Kimi K2.6 runs agents for days — and exposes the limits of enterprise orchestration
Most orchestration frameworks were built for agents that run for seconds or minutes. Now that agents are running for hours — and in some cases days — those frameworks are starting to crack.
Several model providers, such as Anthropic with Claude Code and OpenAI with Codex, introduced early support for long-horizon agents through multi-session tasks, subagents and background execution. However, these systems sometimes assume agents are still operating within bounded-time workflows even when they run for extended periods.
Open-source model provider Moonshot AI wants to push beyond that with its new model, Kimi K2.6.
Moonshot says the model is designed for continuous execution, with internal use cases including agents that ran for hours and, in one case, five straight days, handling monitoring and incident response autonomously.
But this growing use of this type of agent is exposing a critical gap in orchestration: most orchestration frameworks were not designed for this type of continuous, stateful execution. Open-source models, such as Kimi K2.6, that rely on agent swarms are making the case that their orchestration approach comes close to managing stateful agents.
The difficulties of orchestrating long-running agents
While it is true that some enterprises would rather bring their own orchestration frameworks to their agentic ecosystem, model providers and agent platforms recognize that offering agent management remains a competitive advantage.
Other model providers have begun exploring long-running agents, many through multi-session tasks and background execution. For example, Anthropic’s Claude Code orchestrates agents with a lead agent that directs other agents based on a set of user-instructed definitions. OpenAI’s Codex runs similarly.
Kimi K2.6 approaches orchestration with an improved version of its Agent Swarms, capable of managing up to 300 sub-agents “executing across 4,000 coordinated steps simultaneously,” Moonshot AI wrote in a blog post. Compared to both Claude Code and Codex, K2.6 relies on the model, rather than pre-defined roles, to determine orchestration.
Kimi K2.6 is now available on Hugging Face, through its API, Kimi Code and the Kimi app.
Practitioners experimenting with long-horizon agents say the brittleness runs deeper than prompting can fix.
As one practitioner, Maxim Saplin, put it in a blog post, “That does not mean subagents are useless. It means orchestration is still fragile. Right now, it feels more like a product and training problem than something you can solve by writing a sufficiently stern prompt.”
The problem long-running agents pose is that it’s difficult to maintain their state, especially as their environment continues to change while they're doing their job. The agent would constantly call different tools and APIs or tap into different databases during its runtime. Most current agents, those that may run for one or two executions, do call different tools, but for at most a minute.

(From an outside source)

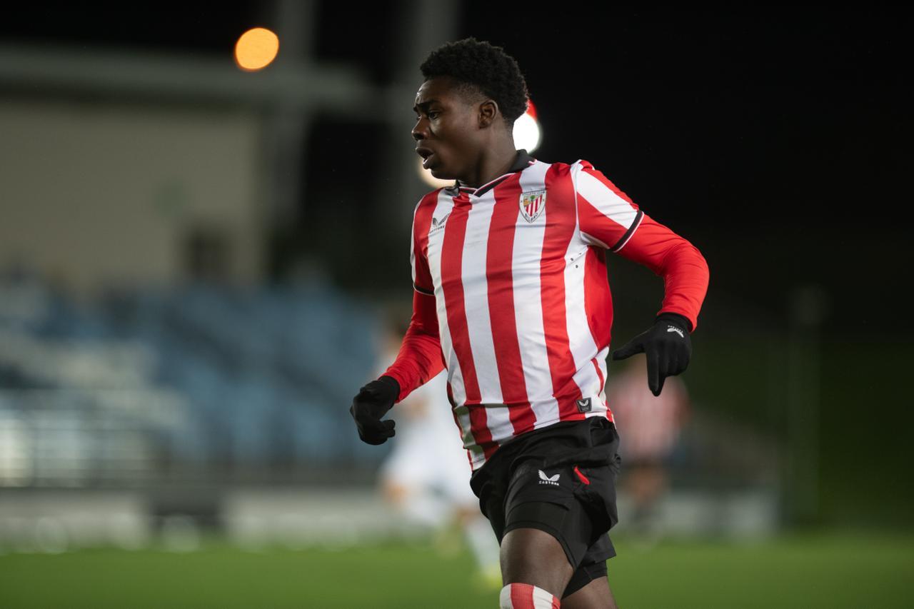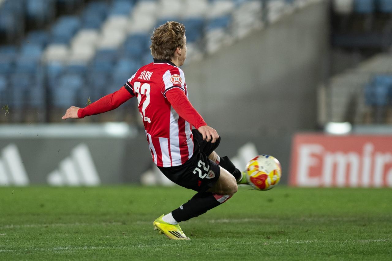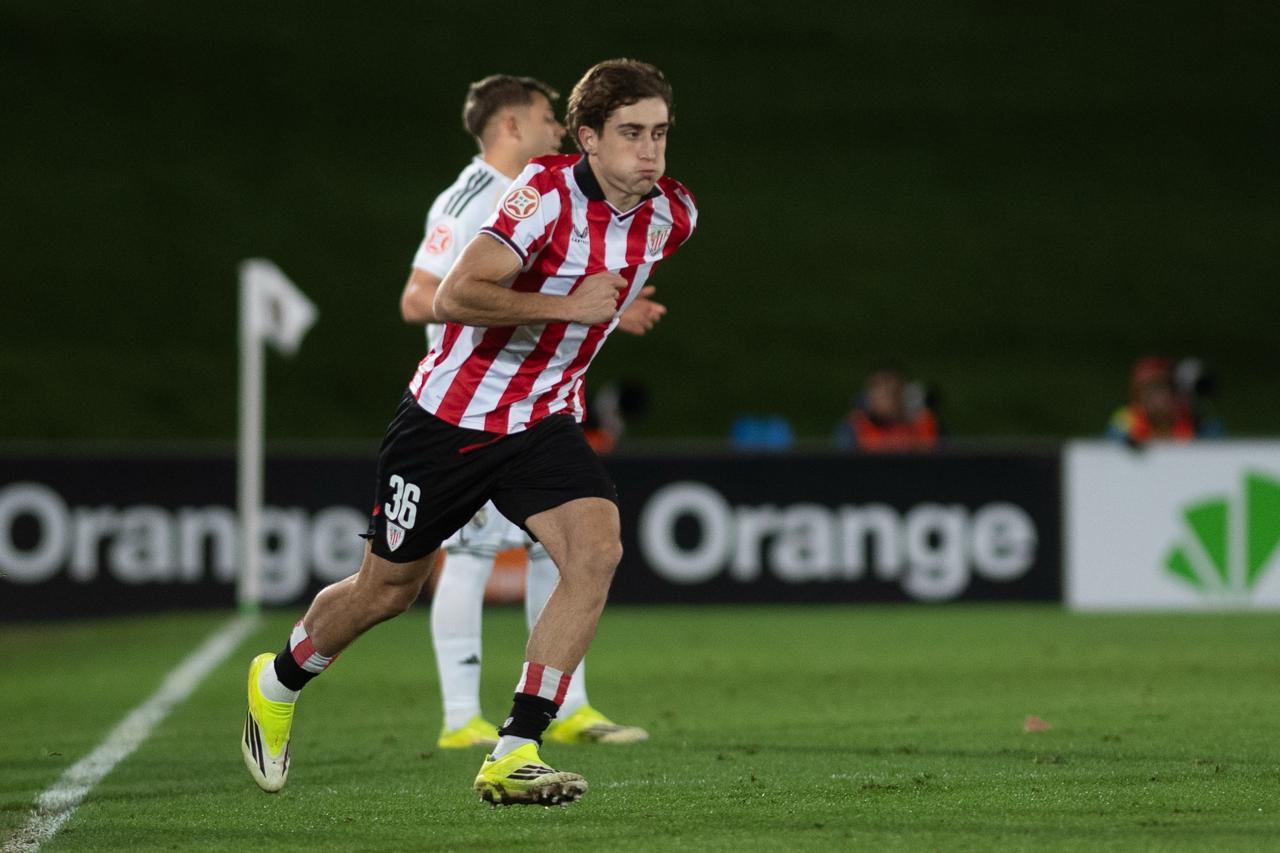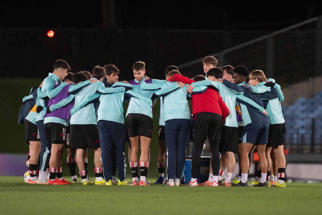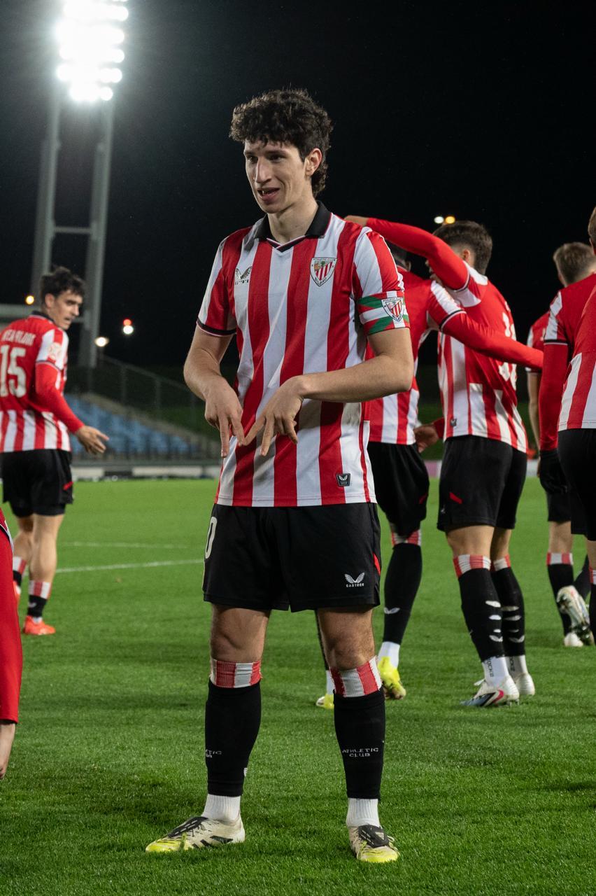 El Bilbao Athletic salió al césped del Alfredo Di Stéfano con un ritmo vertiginoso y fruto de la presión inicial, el encuentro comenzó de cara para los de Jokin Aranbarri. Eder García mandó un baló en profundidad para Gift, que cedió perfectamente un balón a la media luna donde apareció Ibon Sánchez para mandar un zurdazo a las redes madridistas. No obstante, en la primera jugada peligrosa para los locales, Pol Fortuny igualó la contienda después de recoger un rechace de una parada de Mikel Santos. El infortunio se cebó con el Bilbao Athletic, ya que tuvo que realizar un doble cambio durante la primera parte debido a las molestias de Duñabeitia e Ibon Sánchez. El cambio de este último dio pie para que Efe Korkut gozara de sus primeros minutos con la camiseta rojiblanca. Huestamendia tuvo una ocasión muy clara para hacer el segundo, pero Joan Martín sacó el balón sobre la línea de gol.
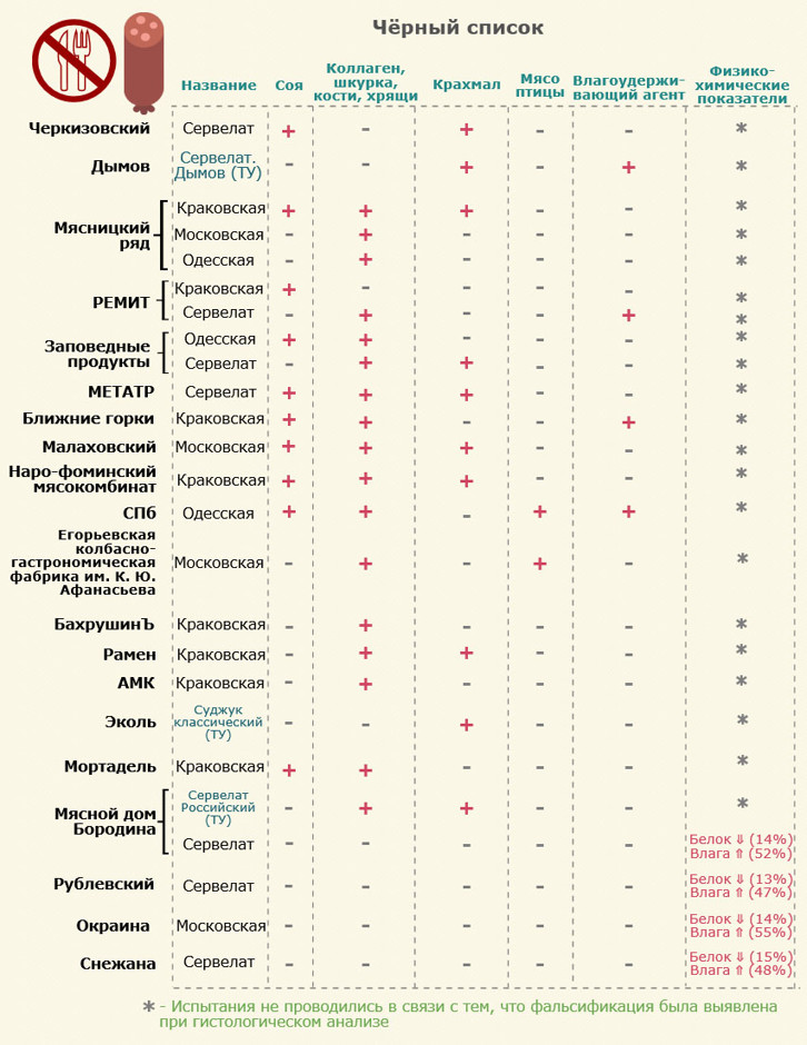 Чрезмерное употребление колбасных изделий, наряду с другими солеными продуктами, ведет к переизбытку натрия в организме, которое в свою очередь является фактором риска артериальной гипертензии (повышенного давления). И это еще не все В черный список за фальсификацию также попали варено-копченые колбасы «Сервелат», производства ООО «Калинка», «Мини-салями», производства ООО «Читинская мясная компания», «Буженинная», производства ООО «Регионэкопродукт-Поволжье» и полукопченые «Украинская» мясной продукт, производства ОА МПК «Максимовский» и «Краковская люкс», ОАО «Великолукский мясокомбинат», выявленные экспертизой Роспотребнадзора. Таким образом, в черном списке оказались 30 варено-копченых и полукопченых колбас. Кликабельно!

Mark Lambert, chief product officer at ArmorCode, which builds an autonomous security platform for enterprises, told VentureBeat in an email that the governance gap is already outpacing deployment.
"These agentic systems can now generate code and system changes faster than most organizations can review, remediate, or govern them. This will require more than just additional scanning. Organizations will need stronger AI governance that provides the context, prioritization, and accountability teams need to manage Kimi and other AI-generated risk before they turn into accumulated exposure," Lambert said.
Long-running agents could also risk failure without a clear rollback. Most importantly, these types of agents often lack a set of well-defined tasks and dynamically adjust their plans as they run.
Kunal Anand, chief product officer at F5, told VentureBeat in an email that long-horizon agents represent a much bigger architectural shift than most companies were prepared for.
“We went from scripts to services to containers to functions, and now to agents as persistent infrastructure. That creates categories we do not yet have good names for: agent runtime, agent gateway, agent identity provider, agent mesh. The API gateway pattern is morphing into something that has to understand goals and workflows, not just endpoints and verbs,” Anand said.
Running for 13 hours and even five days
Understanding how to orchestrate agents becomes important because model capabilities have begun to outpace orchestration innovations, even as enterprises start to look at long-horizon agents.
Moonshot AI says the model is built for tasks that reflect "real-world challenges that typically demand weeks or months of collective human effort." In a separate technical document provided to VentureBeat, Moonshot claims K2.6 built a full SysY compiler from scratch in 10 hours — work it characterized as equivalent to a team of four engineers over two months — and passed all 140 functional tests without human intervention.
The team deployed K2.6 to complex engineering tasks, including overhauling an eight-year-old open source financial matching engine. Moonshot's engineers described a 13-hour execution that “iterated through 12 optimization strategies, initiating over 1,000 tool calls to modify more than 4,000 lines of code precisely.”
Moonshot said one of its teams used K2.6 to build an agent that ran autonomously for five days. That agent managed monitoring, incident response and system operations.